Photo (CC) by MShades

It's not a secret that one of my favorite Silverlight 4 features is the webcam support and I already played endless hours with it. There are many blog posts out there demonstrating how to use the webcam and how to take a screenshot with the CaptureImageAsync method. Only a few cover the VideoSink.

This blog post will show how to use the webcam, the CaptureImageAsync method and also how to implement and use the VideoSink. But most important I'll cover what the differences between the CaptureImageAsync and VideoSink are and when to use which.

Silverlight Webcam 101

The Silverlight 4 webcam API is pretty easy to use and just a few lines of code are needed to show a webcam video stream on screen.
Silverlight's CaptureSource class provides the webcam stream that is used as the source of a VideoBrush, which in turn fills a Rectangle with the video feed from the webcam. It's also possible to use any other Shape with a Fill property.
The CaptureDeviceConfiguration class can be used to retrieve a list of all installed video and audio devices on the system. Most of the time it's sufficient to use the GetDefaultVideoCaptureDevice to get the default device. The user can specify the default video and audio devices with the Silverlight configuration; he or she only has to press the right mouse button over the Silverlight application, click "Silverlight" in the context menu and select the "Webcam / Mic" tab to set them.

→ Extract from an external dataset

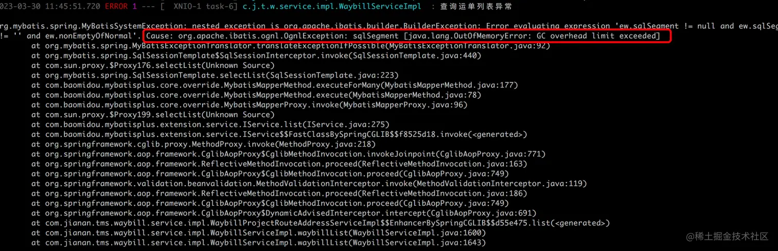 来看,这边属于Mybatis报出的一个内存溢出情况,通过去看Mybatis源码发现,底层也是通过一些集合类来存放拼接的sql,那么当然也有可能出现堆内存溢出,而且在sql体积比较大的情况下,接收sql的集合就会变的非常大,如果回收不了那么就会导致内存溢出。
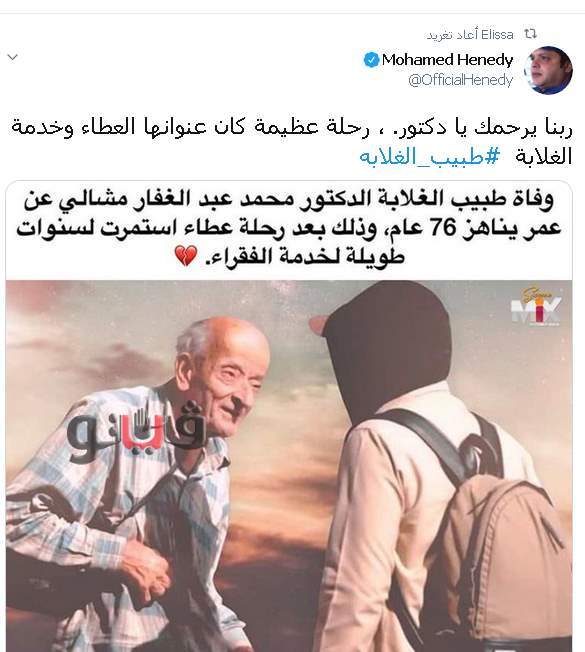 وقال هنيدي في تغريدة نشرها على صفحته الرسمية بـتويتر: ربنا يرحمك يا دكتور ، رحلة عظيمة كان عنوانها العطاء وخدمة الغلابة.

Silverlight Webcam / Mic configuration dialog.

The following C# code initializes the webcam (captureSource) in the Loaded event of the page and fills a rectangle (Viewport) with a VideoBrush:

// Member variable (webcam reference)
CaptureSource captureSource;

private void UserControl_Loaded(object sender, RoutedEventArgs e)
{
   // Initialize the webcam
   captureSource = new CaptureSource();
   captureSource.VideoCaptureDevice = CaptureDeviceConfiguration.GetDefaultVideoCaptureDevice();

   // Fill the Viewport Rectangle with the VideoBrush
   var vidBrush = new VideoBrush();
   vidBrush.SetSource(captureSource);
   Viewport.Fill = vidBrush;
}

Now that the webcam is initialized, the streaming can be started. This is done in an event handler of a Button because RequestDeviceAccess has to be called from an user initiated event. Otherwise it would be possible to start the webcam without the user's permission. Of course nobody wants to experience something like what happened to the students with their MacBooks provided by their high school.

Here's the C# code:

private void StartButton_Click(object sender, RoutedEventArgs e)
{
   // Request webcam access and start the capturing
   if (CaptureDeviceConfiguration.RequestDeviceAccess())
   {
      captureSource.Start();
   }
}

This will open a webcam permission dialog asking the user for the device access. This setting is consent and Silverlight can remember if the user has previously allowed that certain application.

Webcam permission dialog

Capturing The Webcam
There are two different approaches to capture the webcam in Silverlight. The CaptureSource's CaptureImageAsync method and CaptureImageCompleted event provide a snapshot on demand and can be considered as a pull-based technology. A custom VideoSink implementation on the other hand constantly gets the raw stream from the webcam and can be considered as a push-based approach.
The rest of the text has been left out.